• 1 January 1982
    • journal article
    • Vol. 7, 79-82
Abstract
A retrospective analysis was performed of 405 patients, over the age of 65 years, who had been admitted with proven myocardial infarction to a coronary care unit, to investigate the relationship between the serum potassium level on admission and the incidence of cardiac arrhythmias. On admission, 173 (42.7%) patients had a serum potassium of less than 4.0 mmol/l. During the first 24 hours in hospital, 57% of all patients exhibited a disturbance of cardiac rhythm. The incidence of total arrhythmias was independent of the initial serum potassium level, but the mortality rate was 46.2% in those patients with a serum potassium less than 4.0 mmol/l while it was 34.5% in those with a potassium of 4.0 mmol/l or greater.
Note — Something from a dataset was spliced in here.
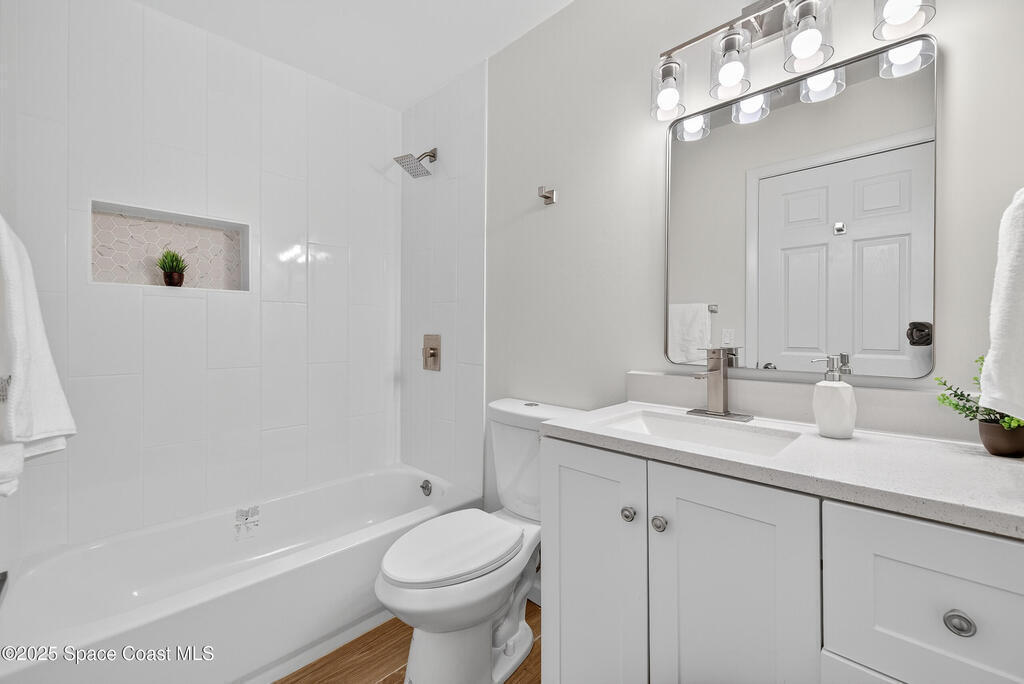 New Price improvement for this stunning 3 bed 2 bath home with a 1 car garage, situated on a private cul de sac road. This home features all brand new 2025 modern updates. Enjoy peace of mind with a brand new architectural shingle roof, hurricane impact windows, doors and a new 2024 HVAC system. Step inside all the natural light, new wood plank tile floors and baseboards throughout, updated granite stone kitchen with wood shaker cabinets, brand new stainless steel appliances. Primary bedroom features a large closet and a gorgeous ensuite modern shower bathroom. Ample size guest bedrooms, updated gust bath with soak in tub, niche and new lighting throughout. Bonus room that can easily be used as an office or a den. Home sits on a elevated corner lot, no flood zone and not on a through street for added privacy. Just minutes from the beach, easy access to I-95, shops, dining hospitals and schools. Easy to show, so book your showing today!

Twelve patients with a serum potassium less than 4.0 mmol/l experienced at least one episode of ventricular fibrillation (6.9%), but only 1 patient with a serum potassium of 4.0 mmol/l or greater had this arrhythmia. The difference in incidence of this arrhythmia was highly significant (p less than 0.001). No patient who experienced ventricular fibrillation was on existing cardiac medication with either a diuretic, beta-adrenoreceptor blocking drug or digoxin. There was no significant difference in the occurrence of other cardiac arrhythmias between low and normal serum potassium groups.